Since your requirements are not clear, I'll talk about what a webSocket is best used for and what more traditional http requests are best used for.
Here are some characteristics of a webSocket:
It's designed to be continuously connected over some longer duration of time (much longer than the duration of one exchange between client and server).
The connection is typically made from a client to a server.
Once the connection is established, then data can be sent in either direction from client to server or from server to client at any time. This is a huge difference from a typical http request where data can only be requested by the client - with an http request the server can not initiate the sending of data to the client.
A webSocket is not a request/response architecture by default. In fact to make it work like request/response requires building a layer on top of the webSocket protocol so you can tell which response goes with which request. http is natively request/response.

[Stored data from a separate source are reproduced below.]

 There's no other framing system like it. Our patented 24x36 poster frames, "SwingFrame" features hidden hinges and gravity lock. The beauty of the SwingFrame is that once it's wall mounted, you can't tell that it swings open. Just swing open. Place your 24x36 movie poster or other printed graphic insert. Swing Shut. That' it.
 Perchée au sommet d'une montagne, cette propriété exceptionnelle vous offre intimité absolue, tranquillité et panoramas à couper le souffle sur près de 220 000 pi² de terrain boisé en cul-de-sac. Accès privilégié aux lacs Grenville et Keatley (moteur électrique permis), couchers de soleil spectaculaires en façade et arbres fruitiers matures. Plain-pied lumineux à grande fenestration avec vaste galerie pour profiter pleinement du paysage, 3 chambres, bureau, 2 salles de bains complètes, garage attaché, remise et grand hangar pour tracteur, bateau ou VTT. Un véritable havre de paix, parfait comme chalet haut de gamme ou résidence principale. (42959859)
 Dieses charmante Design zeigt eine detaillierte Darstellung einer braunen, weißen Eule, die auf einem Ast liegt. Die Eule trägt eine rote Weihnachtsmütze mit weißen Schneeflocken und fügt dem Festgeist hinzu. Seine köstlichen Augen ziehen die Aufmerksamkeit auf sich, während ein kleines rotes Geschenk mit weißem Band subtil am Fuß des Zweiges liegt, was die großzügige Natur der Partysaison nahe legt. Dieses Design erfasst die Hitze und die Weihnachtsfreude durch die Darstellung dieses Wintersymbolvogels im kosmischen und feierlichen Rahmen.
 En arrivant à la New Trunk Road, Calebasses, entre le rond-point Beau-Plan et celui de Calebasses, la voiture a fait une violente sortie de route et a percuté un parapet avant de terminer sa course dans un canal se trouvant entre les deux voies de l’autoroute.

Because a webSocket is designed to be continuously connected (or at least connected for some duration of time), it works very well (and with lower overhead) for situations where there is frequent communication between the two endpoints. The connection is already established and data can just be sent without any connection establishment overhead. In addition, the overhead per message is typically smaller with a webSocket than with http.

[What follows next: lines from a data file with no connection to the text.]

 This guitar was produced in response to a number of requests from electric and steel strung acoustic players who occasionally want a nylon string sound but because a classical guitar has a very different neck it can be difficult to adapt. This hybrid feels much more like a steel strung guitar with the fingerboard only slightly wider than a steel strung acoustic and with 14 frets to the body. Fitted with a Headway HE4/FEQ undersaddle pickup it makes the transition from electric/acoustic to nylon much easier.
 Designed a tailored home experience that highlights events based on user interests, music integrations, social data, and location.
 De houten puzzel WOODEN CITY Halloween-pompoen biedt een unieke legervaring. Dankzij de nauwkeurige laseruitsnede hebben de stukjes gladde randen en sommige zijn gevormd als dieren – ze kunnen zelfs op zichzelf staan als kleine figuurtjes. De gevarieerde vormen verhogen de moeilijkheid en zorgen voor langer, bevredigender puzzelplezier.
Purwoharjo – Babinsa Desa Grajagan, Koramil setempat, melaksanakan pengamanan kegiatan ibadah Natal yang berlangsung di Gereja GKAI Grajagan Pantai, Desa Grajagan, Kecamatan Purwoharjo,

So, here are a couple typical reasons why you might choose one over the other.
If you need to be able to send data from server to client without having the client regular poll for new data, then a webSocket is very well designed for that and http cannot do that.
If you are frequently sending lots of small bits of data (for example, a temperature probe sending the current temperature every 10 seconds), then a webSocket will incur less network and server overhead than initiating a new http request for every new piece of data.
If you don't have either of the above situations, then you may not have any real need for a webSocket and an http request/response model may just be simpler.
If you really need request/response where a specific response is tied to a specific request, then that is built into http and is not a built-in feature of webSockets.
You may also find these other posts useful:
What are the pitfalls of using Websockets in place of RESTful HTTP?
What's the difference between WebSocket and plain socket communication?
Push notification | is websocket mandatory?
How does WebSockets server architecture work?
Response to Your Edit
But it seems like a websocket must be running separately from the API,
I mean it's another program right? Because it's not for HTTP requests
The same process that supports your API can also be serving the webSocket connections. Thus, when you get incoming data on the webSocket, you can just write it directly to the database the same way the API would access the database. So, NO the webSocket server does not have to be a separate program or process.
So should the API also listen to this websocket to catch new messages
and store them?
No, I don't think so. Only one process can be listening to a set of incoming webSocket connections.